Sergio García Zamora es un joven aquejado de esa "enfermedad incurable y pegadiza" que es hacerse poeta, al decir de la sobrina de Alonso Quijano, el bueno. Natural de la Esperanza, Villa Clara, y a punto de cumplir los treinta, ha tenido una trayectoria sorprendente desde que en 2011 saliera a la luz su segundo poemario, Poda.

Ya antes habíamos reseñado aquí otro de sus libros, Pabellón de Caza, en la edición bilingüe que la santaclareña Sed de Belleza le publicó hace un par de años. Ahora es la editorial miamense Publicaciones Entre Líneas quien le edita un bien presentado cuaderno de poemas, Toda luna y todo sol.

El epígrafe de Rimbaud con que el autor abre su libro nos pone en la pista de los sentimientos que impulsaron este poemario: "Toda luna es atroz y todo sol amargo". Es por tanto un libro en que el enfant terrible de las letras villaclareñas, aquel que publicó su primer libro a los 17, pretende hablar desde la angustia de quien constata que hay mucho de cruel, de inhumano, de acre, en el destino que nos está reservado a los hombres.
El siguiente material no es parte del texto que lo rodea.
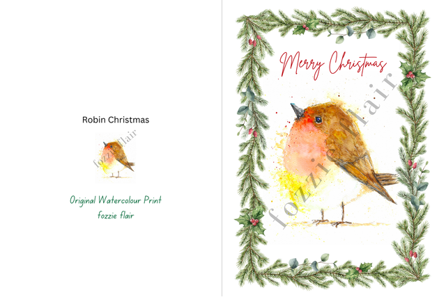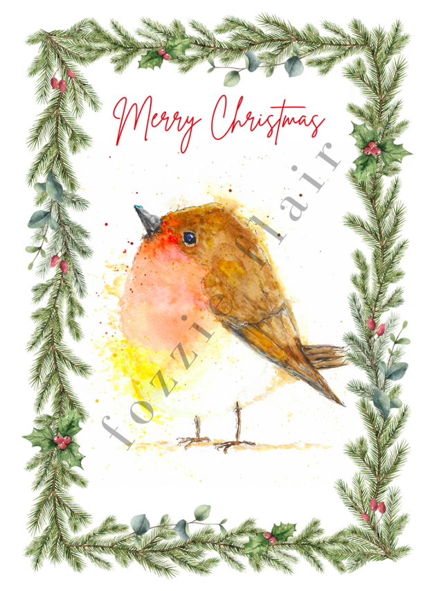 Print of an original watercolour painting, depicting a robin surrounded by a pine garland, printed on 250gsm matt ivory card. Blank inside.
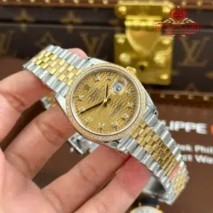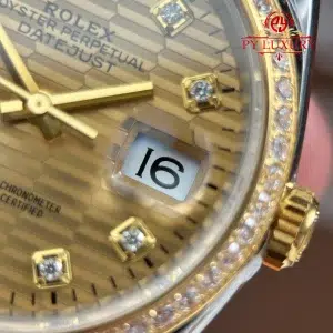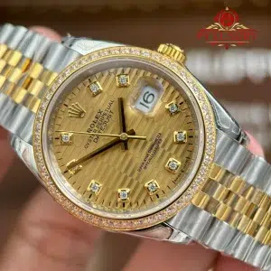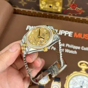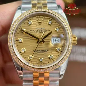 Đồng Hồ Rolex Datejust 126283RBR Demi Vàng Mặt Số Nếp Gấp Vàng Cọc Số Đá Viền Đá Dây Jubilee Replica 1:1 VSF 36mm

Algo que comenzamos a notar precisamente en el instante en que la infancia y la juventud han quedado definitivamente atrás, cuando ya ese como clamoreo interior, esa luminosidad difusa con que llegamos al mundo comienzan a retroceder para dejarnos ante la realidad monda y lironda de nuestra existencia finita en casi todos los sentidos.

No obstante, si algo parece angustiar a Sergio aquí es más bien la constatación de la indetenible fluencia de la vida y de su circunstancia, que las hace a ambas reacias a dejarse encapsular en esos paquetes, las ideas y los conceptos, con que pretendemos inútilmente apresarlas para siempre jamás. Es esta la razón de los constantes contrastes que a cada momento nos saltan desde las líneas de estos poemas.

No nos parece que en realidad sea este un libro atroz y amargo. Para ser sinceros es una profunda sensación de humanidad y calor

Desde esos casi pequeños divertimentos en que al deseo de los padres de Schumann de que su hijo se hiciera abogado el que escribe estos versos contrapone su preferencia porque su hija termine de "excelente músico", hasta aquellos otros poemas más complejos en que el poeta se descubre atrapado en las contradicciones propias de aquel que piensa no solo hacia afuera, sino también hacia adentro, reflexivamente.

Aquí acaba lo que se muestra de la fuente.